• **Aim of the exercise**:
Repeat everything from the first line of the listing below through the line that contains "卫星ETF(159206),跟踪国证商用", exactly. Leave out pictures.

• **Source material**:
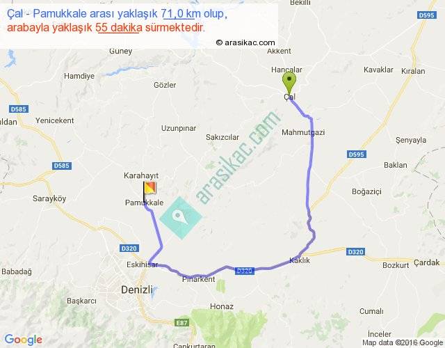 Çal - Pamukkale arası yaklaşık olarak 90 km/h ile yukarıda belirtilen sürede olup, iki yerin kuş uçuşu uzaklığı (mesafesi) 31'dir. Yolculuk otobüsle 1 saat 11 dakika sürmektedir.
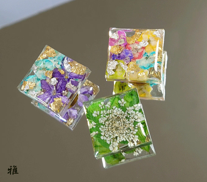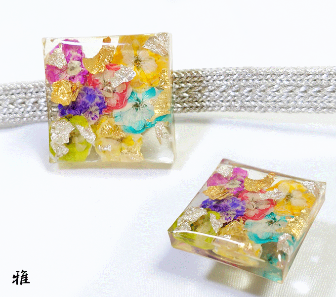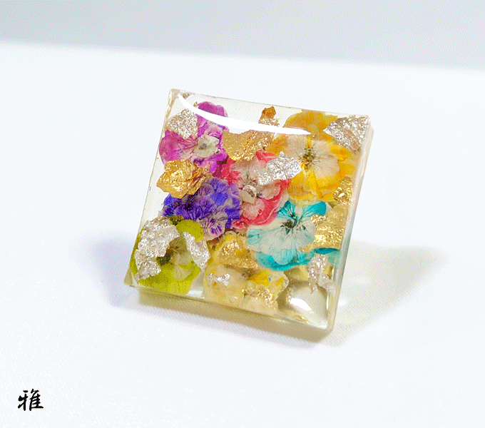 クリアな中に色とりどりの美しい本物のお花(ドライフラワー)が閉じ込められた
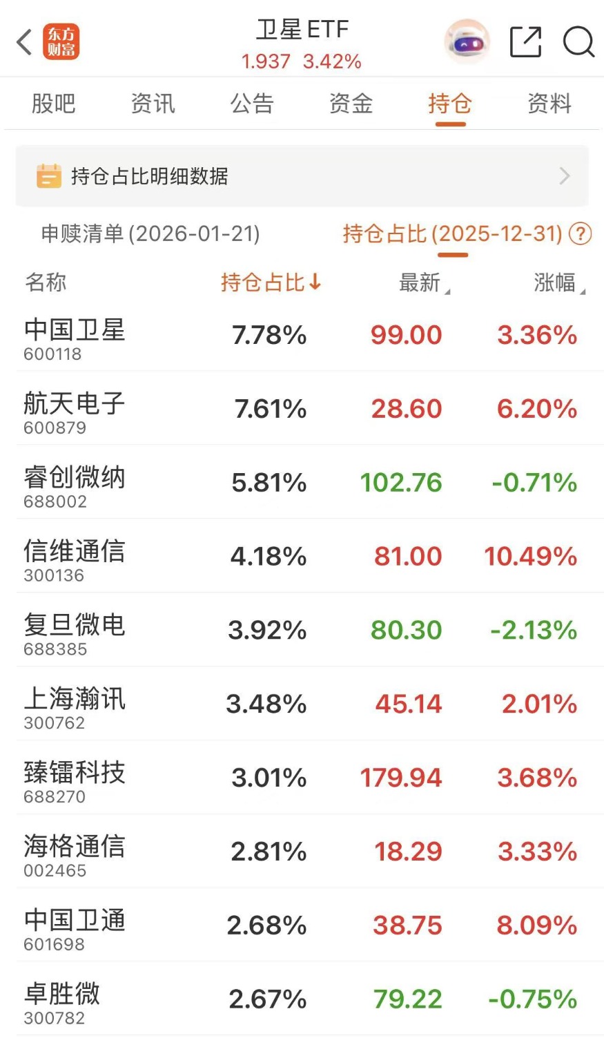 卫星ETF(159206),跟踪国证商用卫星通信产业指数,覆盖卫星制造、通信、导航等全产业链。聚焦商业航天+卫星通信,权重占比超56%,重仓中国卫星、航天电子,直接受益于太空数据中心建设及太空算力需求增长。近20个交易日日均成交额23.94亿元,今年以来日均成交额32.01亿元,流动性充裕。
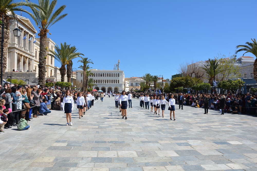 Με λαμπρότητα και μεγαλοπρέπεια εορτάστηκε η εθνική επέτειος της 25ης Μαρτίου στην πρωτεύουσα των Κυκλάδων. Οι μαθητές του νησιού, το πρωί του Σαββάτου, παρέλασαν με υπερηφάνεια στην κατάμεστη πλατεία Μιαούλη, γιορτάζοντας και τιμώντας τον Αγώνα του ΄21 για μία ελεύθερη Ελλάδα.

• **Solved problem**:
 Çal - Pamukkale arası yaklaşık olarak 90 km/h ile yukarıda belirtilen sürede olup, iki yerin kuş uçuşu uzaklığı (mesafesi) 31'dir. Yolculuk otobüsle 1 saat 11 dakika sürmektedir.
 クリアな中に色とりどりの美しい本物のお花(ドライフラワー)が閉じ込められた
 卫星ETF(159206),跟踪国证商用卫星通信产业指数,覆盖卫星制造、通信、导航等全产业链。聚焦商业航天+卫星通信,权重占比超56%,重仓中国卫星、航天电子,直接受益于太空数据中心建设及太空算力需求增长。近20个交易日日均成交额23.94亿元,今年以来日均成交额32.01亿元,流动性充裕。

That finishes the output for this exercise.